Referência nacional e internacional em robótica, o Centro Universitário da FEI organiza, em parceria com a Unesp e o Governo do Estado da Paraíba, a RoboCup 2014. A robótica resulta da combinação da Engenharia Mecânica com Engenharia Elétrica e Ciência da Computação, algumas das principais áreas de estudos e pesquisas da Instituição . O principal evento de robótica do mundo, realizado pela primeira vez no Brasil, terá a participação da FEI na competição de futebol de robôs, em duas categorias, small size e humanoide kid.

Segundo o prof. Reinaldo Bianchi, de Engenharia Elétrica da FEI e coordenador do simpósio da RoboCup 2014, “esse é um grande evento científico, em que estudantes, pesquisadores e especialistas têm uma oportunidade de compartilhar informações. As competições são importantes, mas ganha quem aprende mais. O objetivo principal é a pesquisa, tanto que, após as competições, os desenhos dos projetos ficam disponíveis para todos – há uma grande transferência de conhecimento”.

Palestras – Um dos principais destaques da programação do simpósio da RoboCup é a apresentação de Rodney Brooks, criador do aspirador de pó Roomba, robô doméstico de maior sucesso comercial no mundo.
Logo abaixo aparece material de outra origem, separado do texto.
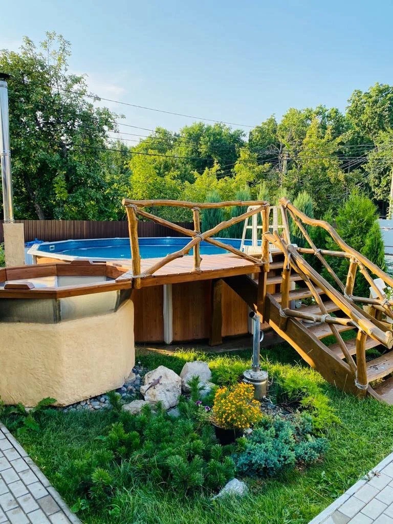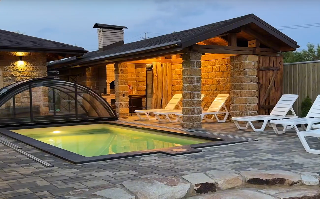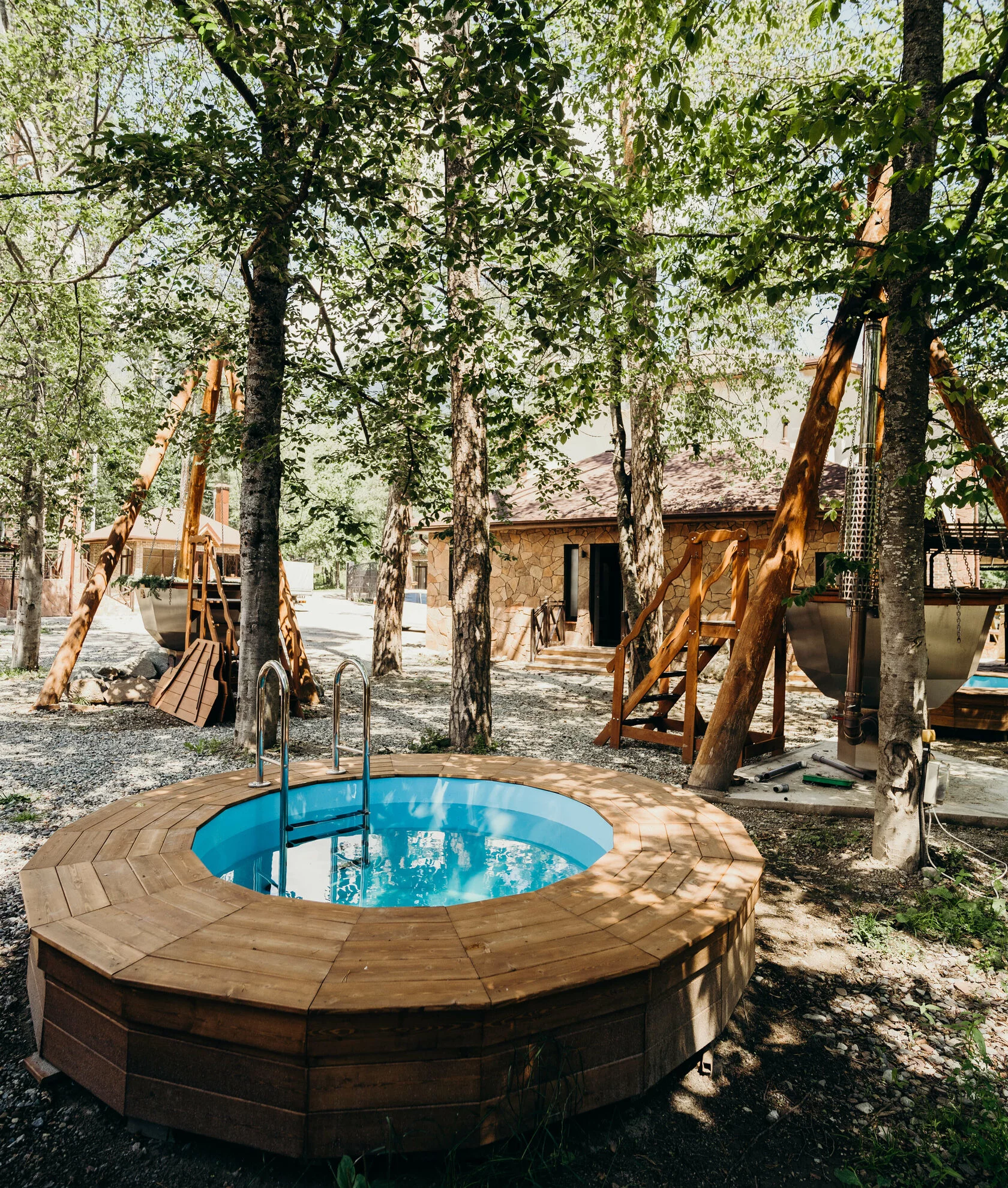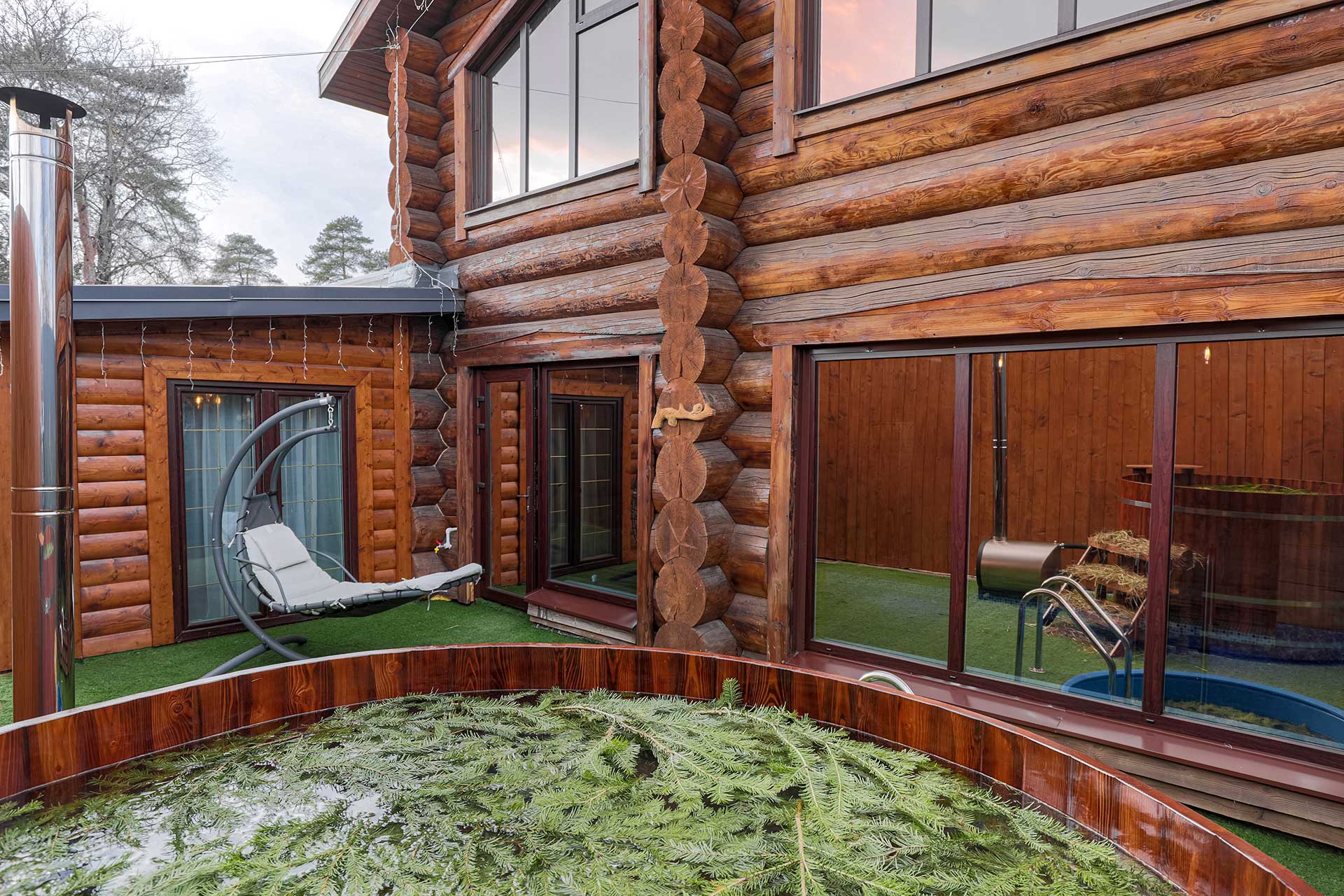 Для гостей оборудована аквазона с просторной помывочной и двумя купелями — с холодной и тёплой водой, что позволяет полностью расслабиться и насладиться водными процедурами. Любители активного отдыха оценят большой бассейн, где можно освежиться и зарядиться энергией.

Brooks é ex-diretor do Laboratório de Inteligência Artificial e Ciência da Computação do MIT – Massachussets Institute of Technology e fundador da iRobot. Em sua palestra, Brooks abordará a inserção de robôs no ambiente de trabalho.

Futebol de robôs – Desenvolvidos por alunos de graduação, mestrado e doutorado da FEI, os robôs que participarão da RoboCup 2014 tem peças plásticas fabricadas na própria Instituição, com uso de uma impressora 3D, e aplicação e conceitos de inteligência artificial. Os robôs possuem controle mecânico, se localizam por meio de câmeras, e são programados para tomar decisões de forma autônoma. “Utilizamos o raciocínio baseado em casos e o reforço positivo ou negativo, para que os robôs façam as jogadas”, explica o prof. Bianchi. Quatrocentas equipes, de 45 países, estarão presentes na competição que se divide em quatro áreas: RoboCup Soccer, RoboCup Rescue, RoboCup Home e RoboCup Junior.

Olimpíada Brasileira de Robótica – No dia 9 de agosto, a FEI sediará a etapa estadual – SP da Olimpíada Brasileira de Robótica, voltada a estudantes de ensino médio e fundamental. As equipes classificadas disputarão a etapa nacional, em outubro, e podem garantir a participação na RoboCup 2015, na categoria RoboCup Junior.